小学校2年生のときに戦争が始まりました。12月8日のことです。
以後毎年12月8日は大詔奉戴日ということで寒い講堂に整列しました。白手袋の教頭先生が黒塗盆を目の上に奉げ持ってしずしずと演台に進みます。校長先生がうやうやしく受け取り、巻物を読みはじめるのですが、小学生に内容はまったくわかりません。きつく指導されていますから、終わるまで頭を下げたまま。静まりかえった講堂に重々しい校長先生の声と、鼻をすすり上げる音が聞こえました。
「テンユウヲホユウシ バンセイイッケイノコウソヲフメル ワガ ダイニッポンテイコクテンノウハ」で始まり、・・・・・・・「ギョメイギョジ」で終わるのを待っていた覚えがあります。
小学校でも急速に雰囲気が変わり、国民学校と改称されてすべて号令で動くようになりました。

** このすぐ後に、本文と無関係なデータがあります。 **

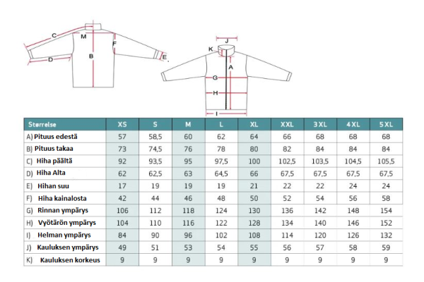 * Laaja kokovalikoima Pohjoismaisella mitoituksella koot: S- 5XL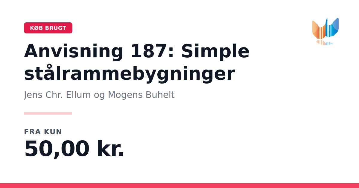 Anvisning 187: Simple stålrammebygninger er en præcis og praktisk vejledning til dimensionering og udførelse af simple stålrammebygninger med en konstruktiv opbygning. Bogen behandler designet af lukkede, fritliggende bygninger i én etage, hvor tagkonstruktionen primært påvirkes af egenlast samt naturlaster som sne og vind. Guiden henvender sig til arkitekter, tekniske rådgivere og myndigheder med interesse for moderne stålrammekonstruktioner. I denne udgave præsenteres omfattende tabeldata, herunder stålramme-, åse- og vindgittertabeller, og bogen indeholder en række detaljerede tegninger, som gør det nemt at følge de tekniske anvisninger. Bogen rummer desuden en systematisk fremgangsmåde til udførelsen af stålrammebygninger, som anvendes inden for landbruget og industrien. Med fokus på både lav og normal sikkerhedsklasse er dette et uundværligt redskab for alle, der arbejder med moderne byggeteknik.

担任の先生は中隊長、校長先生は大隊長です。 校門をくぐると先ず奉安殿に最敬礼してから校舎にはいり、「かしこくも」の言葉を聞くと即直立不動の姿勢をとるように訓練されていました。
「チンオモウニ ワガコウソコウソウ クニヲハジムルコト コウエンニ トクヲタツルコト シンコウナリ ワガシンミン ヨクチュウニ ヨクコウニ オクチョウココロヲイツニシテ・・・・・・・・・・・・ギョメイギョジ」の教育勅語を丸暗記する宿題もありました。出来なければ立たされますから、みな懸命に覚えたものです。 あの時代の子供たちは可哀相なくらいケナゲでマジメでした。
6年生のとき終戦になりましたが、それからの大人の変わり身の早さにも傷つきました。
奉安殿はたたき壊され、宝物と教えられていた教科書を墨で塗りつぶし、中隊長の先生は別人のようになりました。
普段は忘れている苦い思い出が他にもいくつかありますけれど、昨日12月8日の老二人の話題になりました。 もちろん楽しかったことも含めてですが、子供時代を振り返りながら改めて平和の有り難さを思い、それを脅かす雲行きを嘆き合いました。